» **Problem to solve**: Without the pictures, print the lines from the one holding "柔らかな風合いのレザー調素材" through the last line below, both included, exactly as they stand.

» **Records shown**:
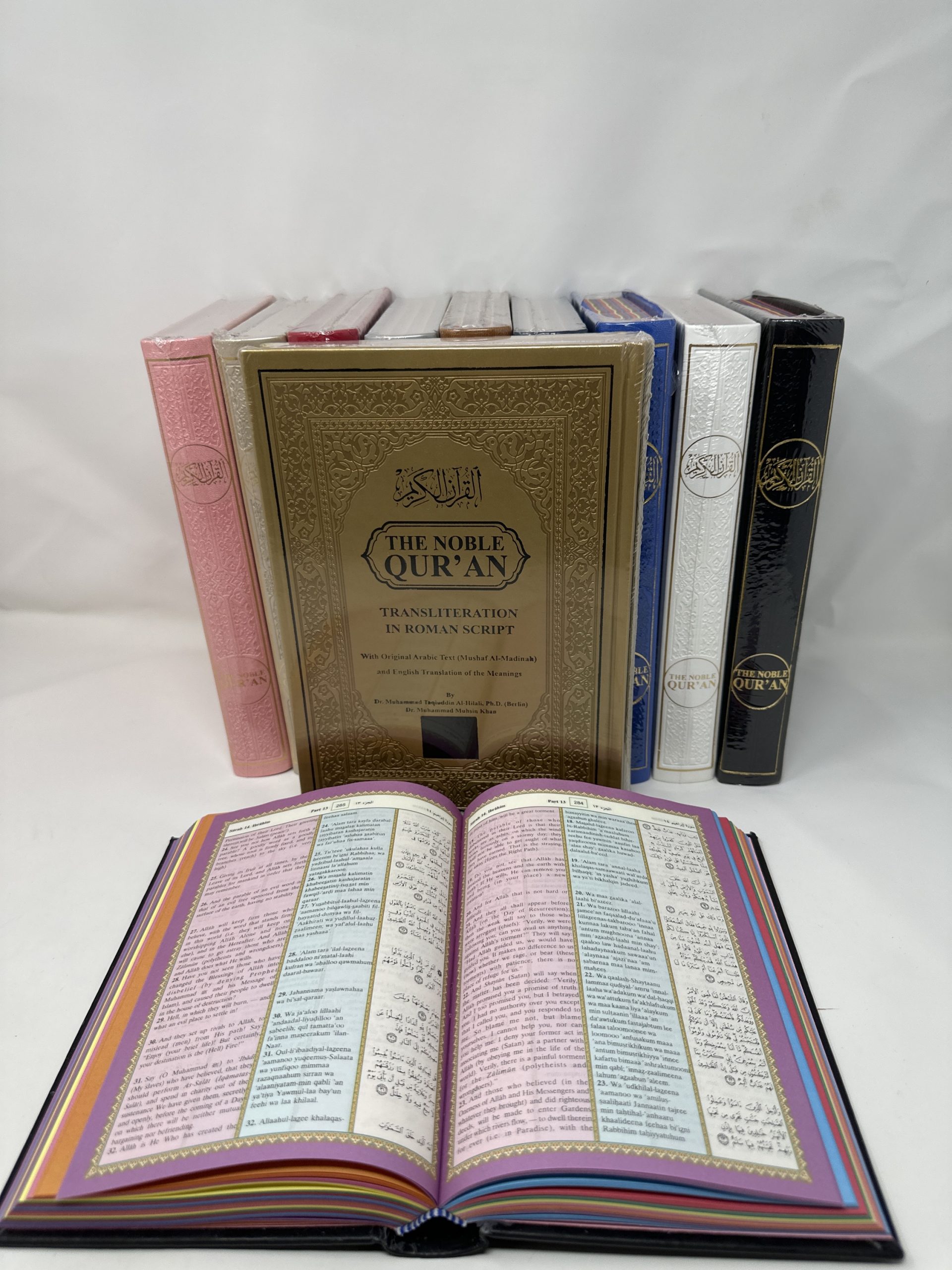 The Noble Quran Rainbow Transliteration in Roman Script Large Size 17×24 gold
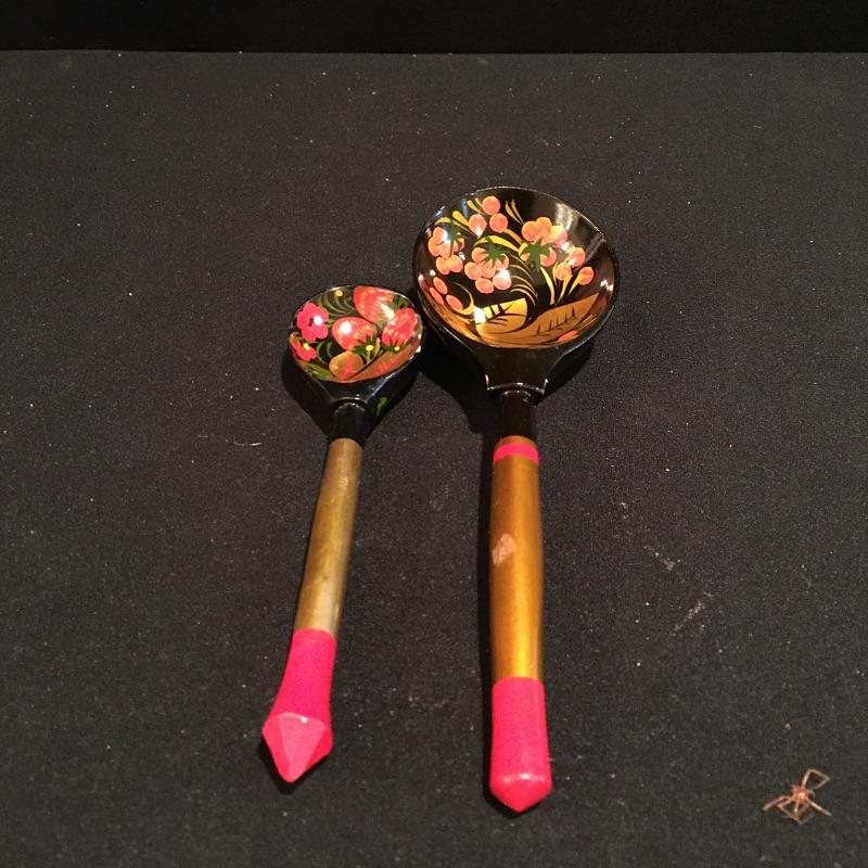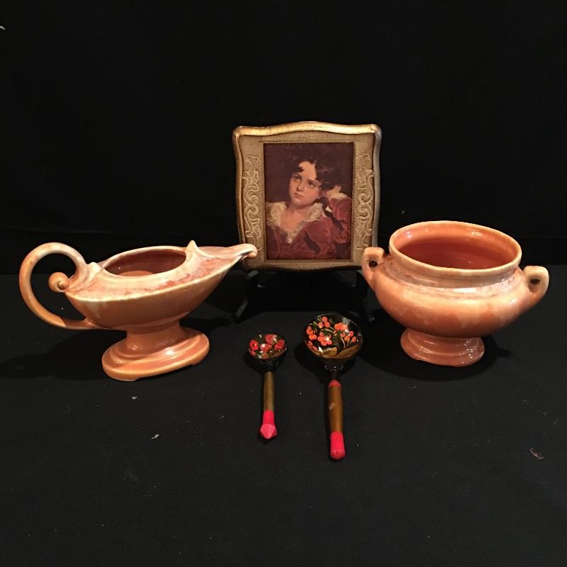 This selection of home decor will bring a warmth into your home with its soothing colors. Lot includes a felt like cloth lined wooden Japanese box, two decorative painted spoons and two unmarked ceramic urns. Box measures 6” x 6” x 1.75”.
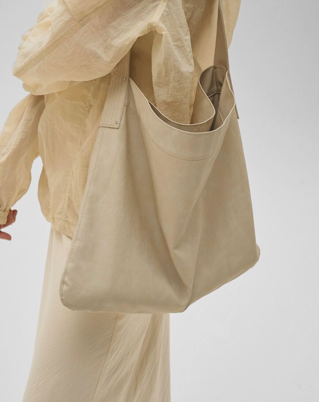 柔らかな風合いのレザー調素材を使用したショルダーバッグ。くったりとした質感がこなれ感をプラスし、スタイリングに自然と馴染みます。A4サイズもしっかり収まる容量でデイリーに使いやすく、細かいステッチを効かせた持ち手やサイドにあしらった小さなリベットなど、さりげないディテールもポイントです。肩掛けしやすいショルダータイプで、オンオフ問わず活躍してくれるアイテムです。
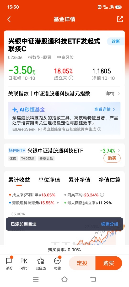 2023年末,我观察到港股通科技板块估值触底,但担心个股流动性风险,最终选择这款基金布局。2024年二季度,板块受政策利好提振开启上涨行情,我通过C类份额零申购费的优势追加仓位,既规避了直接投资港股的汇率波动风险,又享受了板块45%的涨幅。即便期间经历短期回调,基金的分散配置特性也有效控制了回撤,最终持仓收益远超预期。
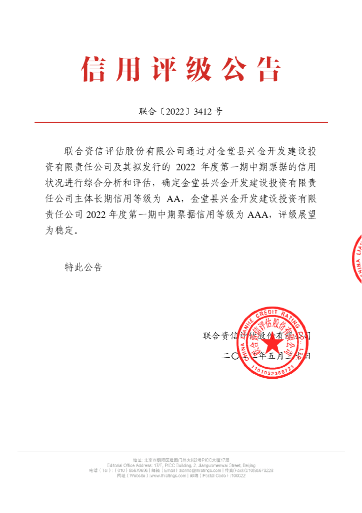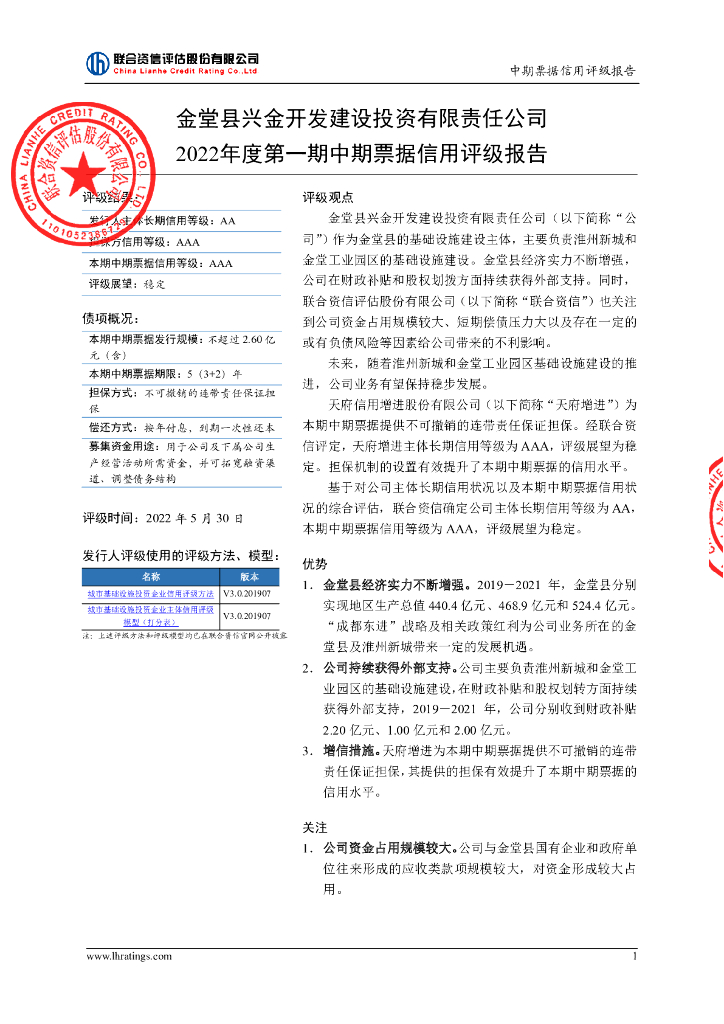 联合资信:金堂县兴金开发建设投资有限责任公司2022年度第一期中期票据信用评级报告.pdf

» **Answer to this task**:
 柔らかな風合いのレザー調素材を使用したショルダーバッグ。くったりとした質感がこなれ感をプラスし、スタイリングに自然と馴染みます。A4サイズもしっかり収まる容量でデイリーに使いやすく、細かいステッチを効かせた持ち手やサイドにあしらった小さなリベットなど、さりげないディテールもポイントです。肩掛けしやすいショルダータイプで、オンオフ問わず活躍してくれるアイテムです。
 2023年末,我观察到港股通科技板块估值触底,但担心个股流动性风险,最终选择这款基金布局。2024年二季度,板块受政策利好提振开启上涨行情,我通过C类份额零申购费的优势追加仓位,既规避了直接投资港股的汇率波动风险,又享受了板块45%的涨幅。即便期间经历短期回调,基金的分散配置特性也有效控制了回撤,最终持仓收益远超预期。
 联合资信:金堂县兴金开发建设投资有限责任公司2022年度第一期中期票据信用评级报告.pdf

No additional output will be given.